## Data under study
--- START ---

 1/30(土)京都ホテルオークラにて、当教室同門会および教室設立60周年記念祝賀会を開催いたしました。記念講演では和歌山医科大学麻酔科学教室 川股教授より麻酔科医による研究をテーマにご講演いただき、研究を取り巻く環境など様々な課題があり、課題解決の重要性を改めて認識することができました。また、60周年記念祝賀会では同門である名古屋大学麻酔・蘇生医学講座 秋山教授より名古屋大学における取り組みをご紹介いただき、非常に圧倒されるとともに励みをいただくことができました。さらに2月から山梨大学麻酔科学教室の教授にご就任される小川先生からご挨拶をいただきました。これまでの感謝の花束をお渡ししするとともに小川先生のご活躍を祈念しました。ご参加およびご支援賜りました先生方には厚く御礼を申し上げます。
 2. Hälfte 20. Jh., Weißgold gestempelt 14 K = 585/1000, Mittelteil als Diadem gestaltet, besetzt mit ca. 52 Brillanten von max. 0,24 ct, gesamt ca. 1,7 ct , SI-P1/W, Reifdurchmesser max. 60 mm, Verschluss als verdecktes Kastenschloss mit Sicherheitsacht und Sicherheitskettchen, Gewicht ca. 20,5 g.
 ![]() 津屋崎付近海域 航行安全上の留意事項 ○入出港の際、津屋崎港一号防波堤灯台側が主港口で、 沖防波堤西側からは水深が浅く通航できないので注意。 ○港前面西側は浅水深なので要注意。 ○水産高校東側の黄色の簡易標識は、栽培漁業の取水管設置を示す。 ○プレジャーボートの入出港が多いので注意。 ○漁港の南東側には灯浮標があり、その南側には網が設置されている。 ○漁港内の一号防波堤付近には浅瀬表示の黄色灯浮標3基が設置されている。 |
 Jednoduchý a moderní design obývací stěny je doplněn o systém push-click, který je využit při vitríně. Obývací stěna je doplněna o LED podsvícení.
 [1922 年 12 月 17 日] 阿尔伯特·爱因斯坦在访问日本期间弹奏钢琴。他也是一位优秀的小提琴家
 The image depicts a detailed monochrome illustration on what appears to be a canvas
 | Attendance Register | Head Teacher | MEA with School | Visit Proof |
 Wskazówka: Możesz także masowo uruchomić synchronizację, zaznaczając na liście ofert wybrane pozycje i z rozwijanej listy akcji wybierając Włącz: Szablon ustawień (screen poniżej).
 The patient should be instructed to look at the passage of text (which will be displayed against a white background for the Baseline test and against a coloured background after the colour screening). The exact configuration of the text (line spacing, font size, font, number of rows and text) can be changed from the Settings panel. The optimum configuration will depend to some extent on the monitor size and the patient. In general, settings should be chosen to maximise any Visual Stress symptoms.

--- END ---
--- START ---

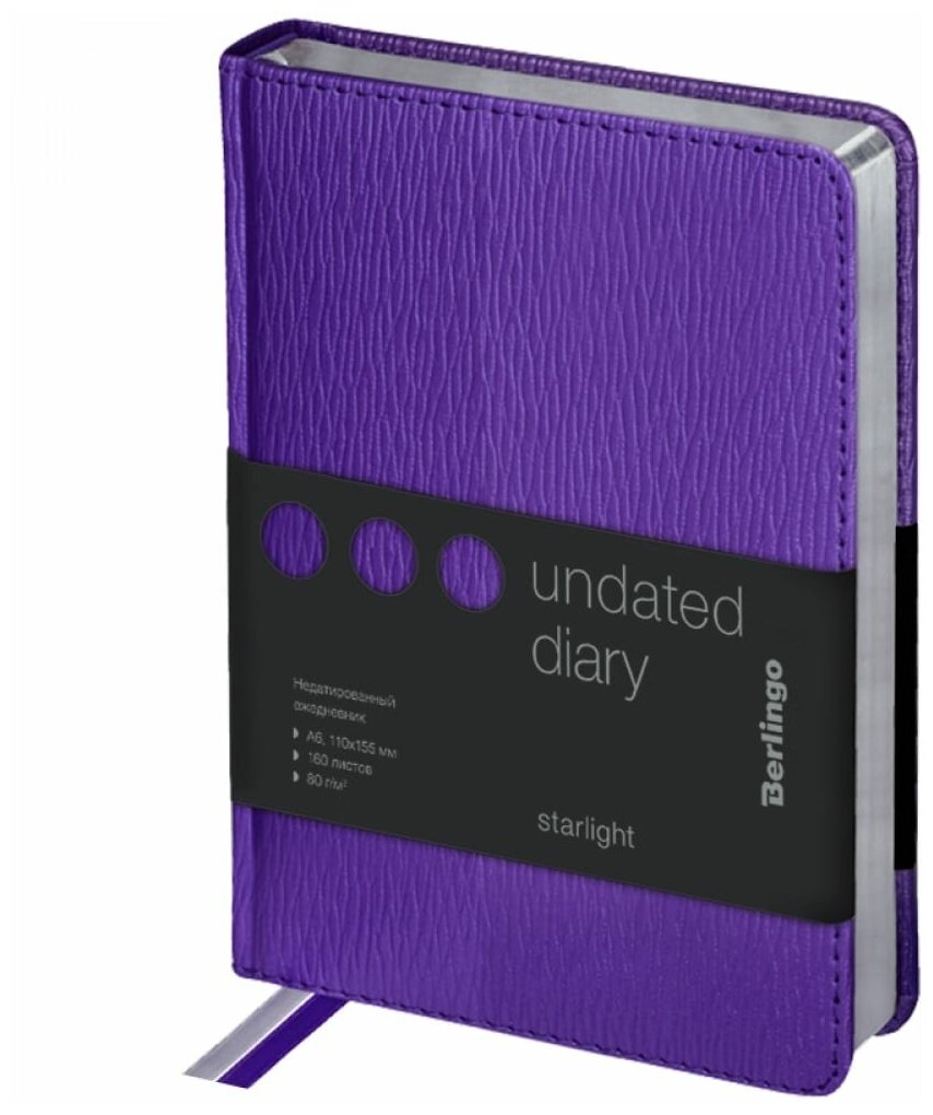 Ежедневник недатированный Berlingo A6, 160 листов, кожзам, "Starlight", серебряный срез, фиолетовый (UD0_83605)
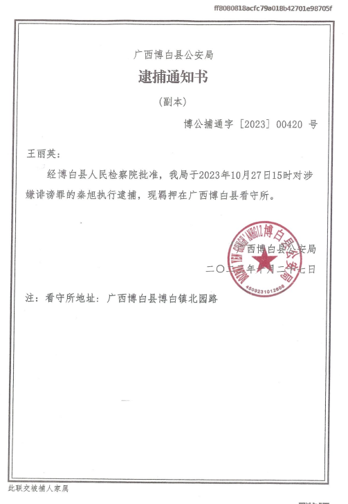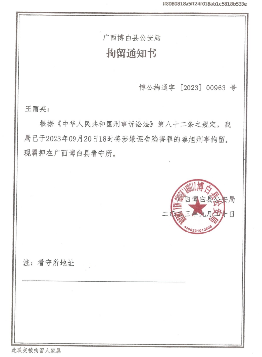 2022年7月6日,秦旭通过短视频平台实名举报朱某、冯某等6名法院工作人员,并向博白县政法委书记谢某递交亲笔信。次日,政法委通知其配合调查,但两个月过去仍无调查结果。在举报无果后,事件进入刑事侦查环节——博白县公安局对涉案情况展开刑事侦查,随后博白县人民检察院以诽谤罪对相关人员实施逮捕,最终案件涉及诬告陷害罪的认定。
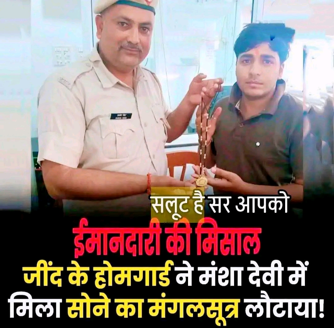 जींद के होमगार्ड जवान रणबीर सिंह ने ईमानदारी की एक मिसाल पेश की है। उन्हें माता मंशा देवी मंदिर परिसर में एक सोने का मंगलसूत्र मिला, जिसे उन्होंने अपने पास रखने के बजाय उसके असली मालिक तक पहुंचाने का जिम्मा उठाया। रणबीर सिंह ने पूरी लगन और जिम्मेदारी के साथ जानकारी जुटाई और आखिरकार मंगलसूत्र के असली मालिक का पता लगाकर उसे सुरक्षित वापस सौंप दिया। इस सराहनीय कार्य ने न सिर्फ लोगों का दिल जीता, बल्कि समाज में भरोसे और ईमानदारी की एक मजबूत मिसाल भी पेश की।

--- END ---
--- START ---

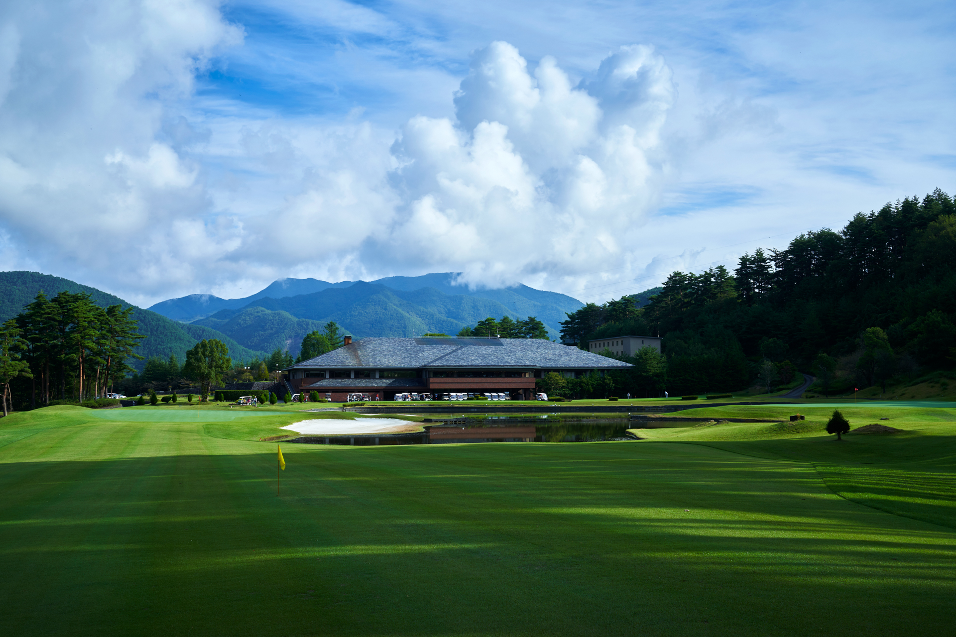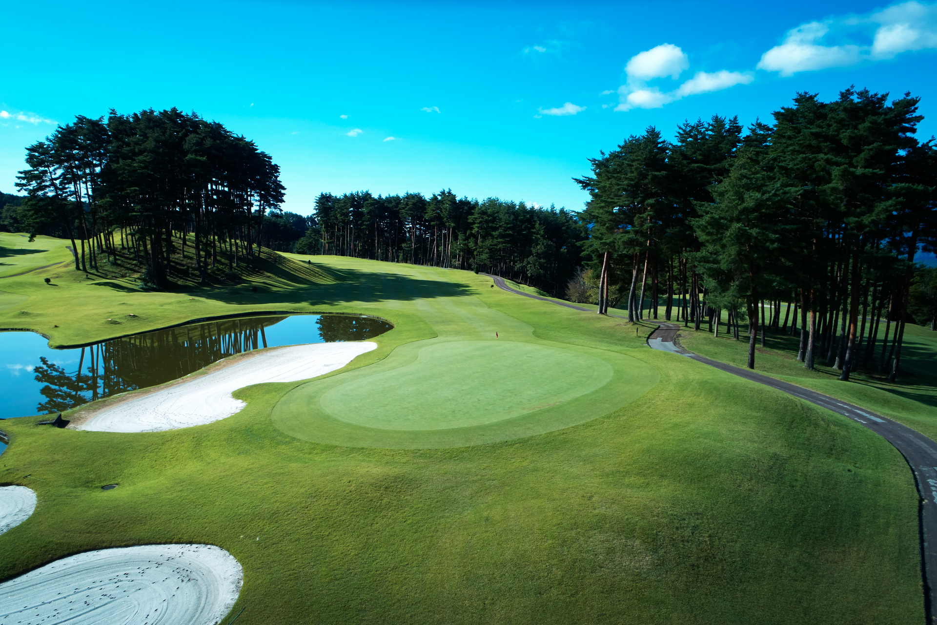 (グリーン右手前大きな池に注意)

--- END ---

## Task statement
Take exactly the lines from the one containing "2. Hälfte 20." through the one containing "津屋崎付近海域 航行安全上の留意事項 ○入出港の際、津屋崎港一号防波堤灯台側が主港口で、" in the data above, and output them with nothing added.

## Reply to the task
 2. Hälfte 20. Jh., Weißgold gestempelt 14 K = 585/1000, Mittelteil als Diadem gestaltet, besetzt mit ca. 52 Brillanten von max. 0,24 ct, gesamt ca. 1,7 ct , SI-P1/W, Reifdurchmesser max. 60 mm, Verschluss als verdecktes Kastenschloss mit Sicherheitsacht und Sicherheitskettchen, Gewicht ca. 20,5 g.
 ![]() 津屋崎付近海域 航行安全上の留意事項 ○入出港の際、津屋崎港一号防波堤灯台側が主港口で、 沖防波堤西側からは水深が浅く通航できないので注意。 ○港前面西側は浅水深なので要注意。 ○水産高校東側の黄色の簡易標識は、栽培漁業の取水管設置を示す。 ○プレジャーボートの入出港が多いので注意。 ○漁港の南東側には灯浮標があり、その南側には網が設置されている。 ○漁港内の一号防波堤付近には浅瀬表示の黄色灯浮標3基が設置されている。 |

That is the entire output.